Supplied records:

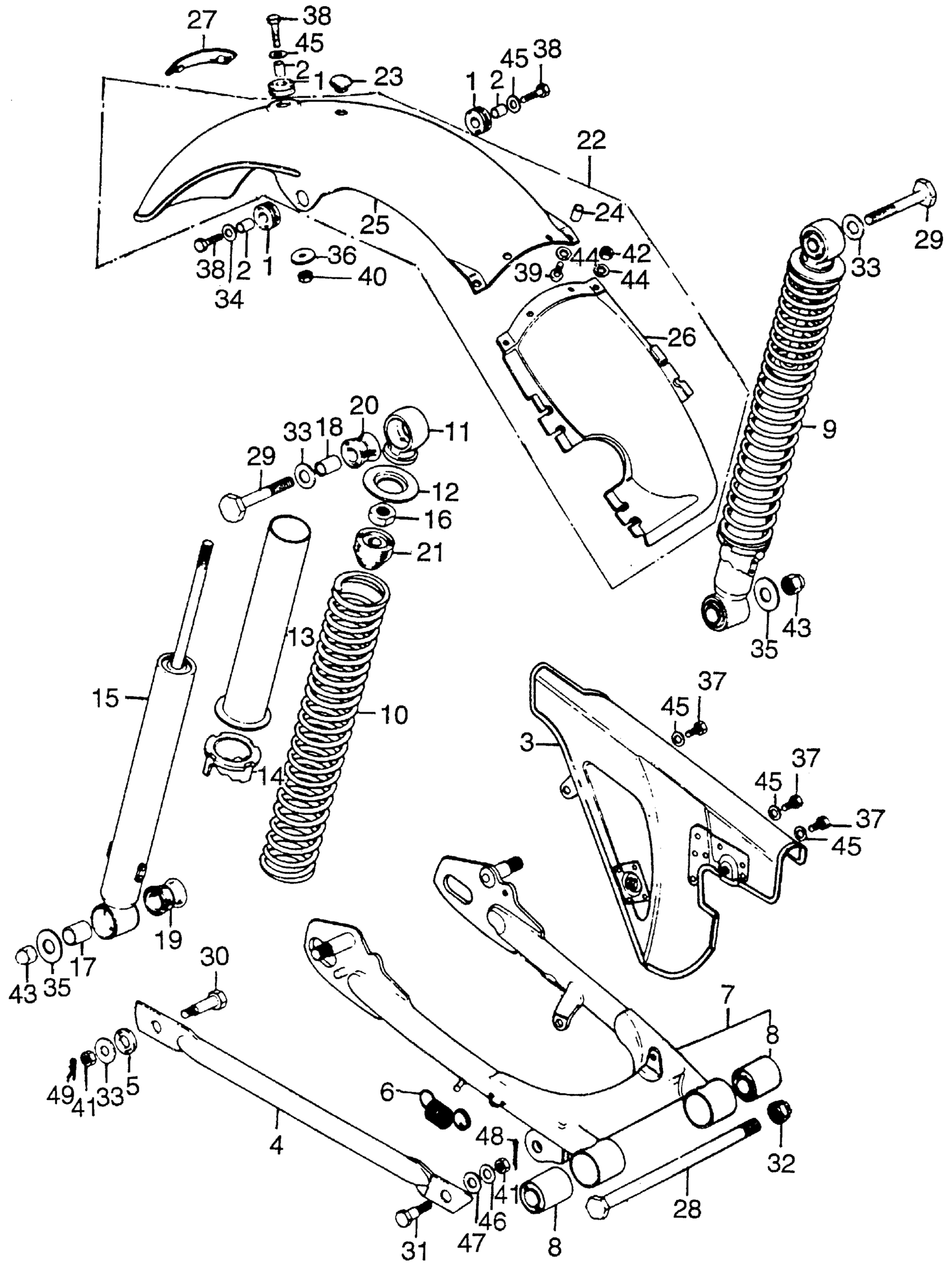 REAR SHOCK ABSORBER + REAR FENDER + SWINGARM
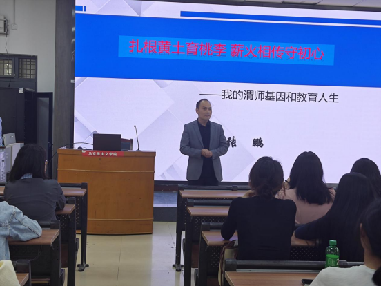 5月9日下午2:00,在1101,bevictor伟德邀请伟德bevictor官方网站2003级思想政治教育专业毕业生、潼关县优秀团务工作者、潼关县高考质量提升先进个人、渭南市中小学教师中、高级评审委员会评委、渭南市教育学会理事,渭南市高考政治学科试题评价分析讲师团成员、潼关中学副董事长张鹏老师来公司作题为《扎根黄土育桃李 薪火相传守初心》的报告。bevictor伟德部分教师、思想政治教育专业2022级员工等100余人参加,思想政治教育专业建设负责人周菊芳主持。
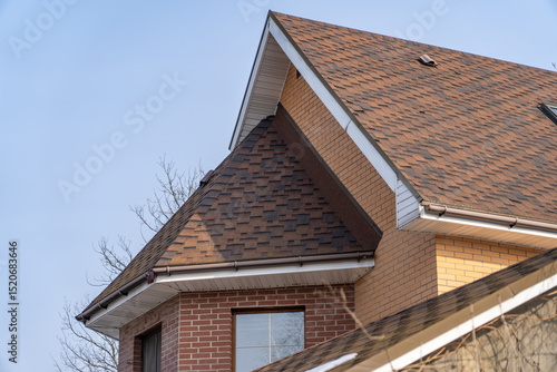 elevation, domestic, architecture, facades, weather, building, exterior, estate, gable, pitch, real, housing, structure, home, framework, geometric, window, apex, gutter, wall, light, residential, coverage, pattern, upward, house, eaves, construction, trim, property, material, protection, brown, angle, roof, view, siding, shape, shingle, tiling, dwelling, element, asphalt, daytime, brick
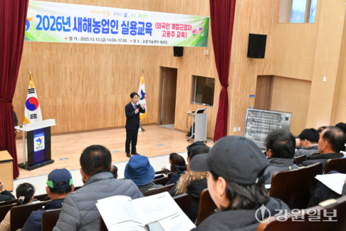 2026년 화천군 새해 농업인 실용교육이 지난 12일 군농업기술센터에서 최문순 군수를 비롯해 외국인 계절 근로자 고용주 150여 명이 참석한 가운데 열렸다.
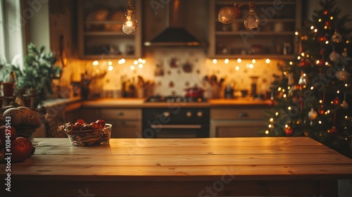 Festive kitchen backdrop with empty wooden table in foreground, Christmas tree and twinkling lights creating a warm, cozy atmosphere for holiday cooking and gatherings
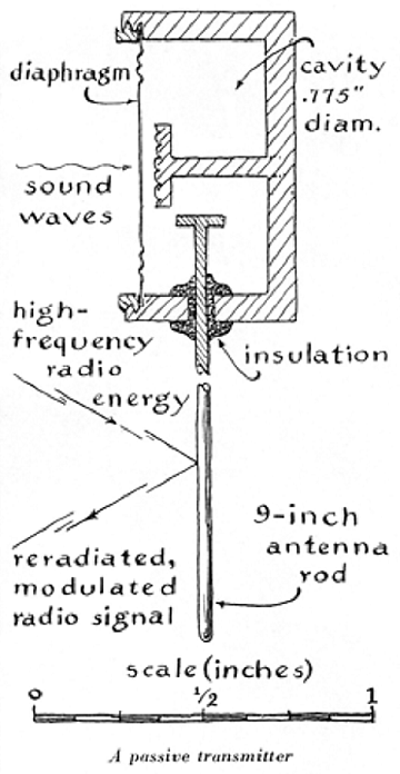 Bên trong nó được gắn một Micro thu âm thụ động , hoạt động mà không cần nguồn nuôi, nó chỉ làm việc khi chiếu xạ bằng sóng âm thanh của những tần số nhất định của một chiếc xe tải đỗ gần đại sứ quán.
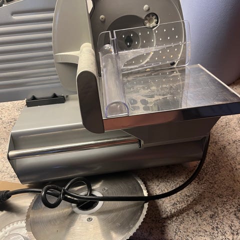 Praktisk AKA skæremaskine til brød, pålæg og kød. Elektrisk på 220 V, monteret med 150 cm lang , hvid plastledning med stikprop.
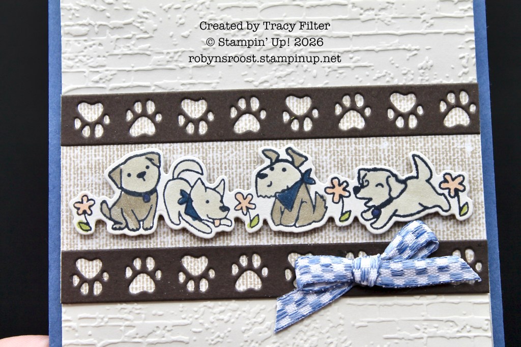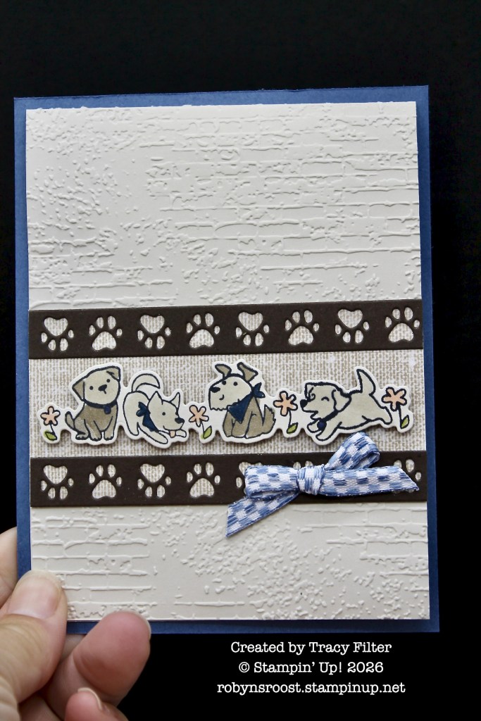 Tracy has used the die cut paws border to outline her pups. This die cuts a 1/2″ border of paw prints. The background is embossed with the Exposed Brick Embossing Folder. A Misty Moonlight Checked Ribbon pulls in the card base color. This is actually a panel card, which uses a 4 1/4″ x 5 1/2″ base and has a 4″ x 10 1/2″ folded layer adhered to the center of it.

What the task asks: The job here is to retype the data exactly, with no pictures included.

Written reply:
 REAR SHOCK ABSORBER + REAR FENDER + SWINGARM
 5月9日下午2:00,在1101,bevictor伟德邀请伟德bevictor官方网站2003级思想政治教育专业毕业生、潼关县优秀团务工作者、潼关县高考质量提升先进个人、渭南市中小学教师中、高级评审委员会评委、渭南市教育学会理事,渭南市高考政治学科试题评价分析讲师团成员、潼关中学副董事长张鹏老师来公司作题为《扎根黄土育桃李 薪火相传守初心》的报告。bevictor伟德部分教师、思想政治教育专业2022级员工等100余人参加,思想政治教育专业建设负责人周菊芳主持。
 elevation, domestic, architecture, facades, weather, building, exterior, estate, gable, pitch, real, housing, structure, home, framework, geometric, window, apex, gutter, wall, light, residential, coverage, pattern, upward, house, eaves, construction, trim, property, material, protection, brown, angle, roof, view, siding, shape, shingle, tiling, dwelling, element, asphalt, daytime, brick
 2026년 화천군 새해 농업인 실용교육이 지난 12일 군농업기술센터에서 최문순 군수를 비롯해 외국인 계절 근로자 고용주 150여 명이 참석한 가운데 열렸다.
 Festive kitchen backdrop with empty wooden table in foreground, Christmas tree and twinkling lights creating a warm, cozy atmosphere for holiday cooking and gatherings
 Bên trong nó được gắn một Micro thu âm thụ động , hoạt động mà không cần nguồn nuôi, nó chỉ làm việc khi chiếu xạ bằng sóng âm thanh của những tần số nhất định của một chiếc xe tải đỗ gần đại sứ quán.
 Praktisk AKA skæremaskine til brød, pålæg og kød. Elektrisk på 220 V, monteret med 150 cm lang , hvid plastledning med stikprop.
 Tracy has used the die cut paws border to outline her pups. This die cuts a 1/2″ border of paw prints. The background is embossed with the Exposed Brick Embossing Folder. A Misty Moonlight Checked Ribbon pulls in the card base color. This is actually a panel card, which uses a 4 1/4″ x 5 1/2″ base and has a 4″ x 10 1/2″ folded layer adhered to the center of it.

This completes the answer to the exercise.